La ayudé a ponerse de pie, nos quedamos mirándonos un momento y luego las dos apartamos la mirada. Yo llevaba saliendo con mujeres desde que tenía quince años y más o menos el mismo tiempo quitándome hombres de encima. Nunca hasta ahora me había sentido tan incómoda con nadie. Y tanto si entendía como si no, ella parecía sentirse igual. De repente, me sentí mortificada, al darme cuenta de que le estaba mirando los pechos.

—Tengo que irme —le dije nerviosa.

—Siento... siento haberla asustado. —La voz le seguía sonando algo tomada, como si estuviera acatarrada. Seguro que por no llevar chaqueta, pensé al advertir que sólo llevaba una camiseta ligera.

—Me parece que eso debería decirlo yo. ¿Me necesitas para algo? —pregunté mientras enfundaba mi pistola.

—No. —Y luego, como si se acabara de acordar, dijo—: No irá a conducir, ¿verdad?

Fruncí el ceño y entonces caí en la cuenta de que pensaba que a lo mejor estaba a punto de ponerme al volante después de todo el alcohol que había consumido. Lo que más temía Stacy era que alguien se pillara un pedo en su local y que luego saliera y matara a alguien y ella quedara como la culpable. Seguramente hacía que esta mujer vigilara a todo el mundo. Me sentí un poco desilusionada.

—No, no he traído coche. Vivo a pocas manzanas de aquí. Gracias por el interés.

—De nada —dijo, de nuevo con esa voz apagada que tenía.

—Bueno, me voy, si estás segura de que estás bien.

Se limitó a asentir y siguió allí parada, de modo que me metí las manos en los bolsillos de los pantalones y eché a andar hacia casa.

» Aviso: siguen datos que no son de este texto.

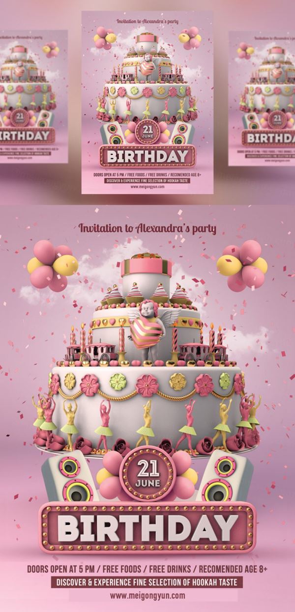图穷联素材库 » 女孩生日派对传单模版 Kids Birthday Party - Girls Flyer
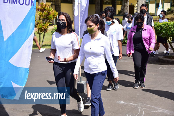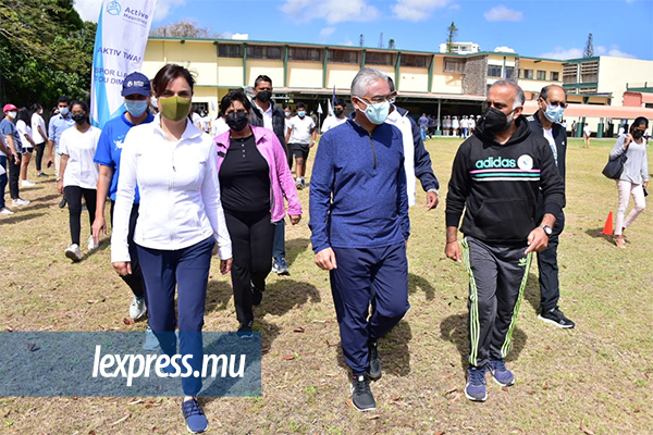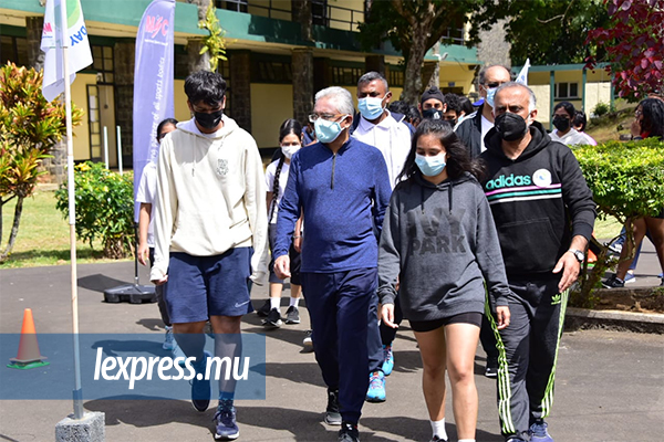 C’est en baskets et tenue de sport que Pravind Jugnauth et son épouse, Kobita, sont arrivés au Queen Elizabeth College (QEC) pour commémorer la journée mondiale de la marche, hier, mardi 28 septembre. Ils ont été accueillis par les majorettes de l’établissement en une haie d’honneur. Le couple était accompagné de la ministre de l’Éducation, Leela Devi Dookun-Luchoomun, et Sarah Rawat-Currimjee, présidente du Mauritius Sports Council. Tous ont ensuite effectué des tours de terrain pour couronner cette journée.

Tuve tentaciones de volverme a mirar, porque estaba segura de que ella seguía mirándome desde el aparcamiento. Me debería haber sentido incómoda, pero no era así. Sentía que no estaba sola, que a alguien de verdad le importaba si llegaba a casa sana y salva o no.

Sofoqué una carcajada. Sí, estoy mucho más bolinga de lo que creía.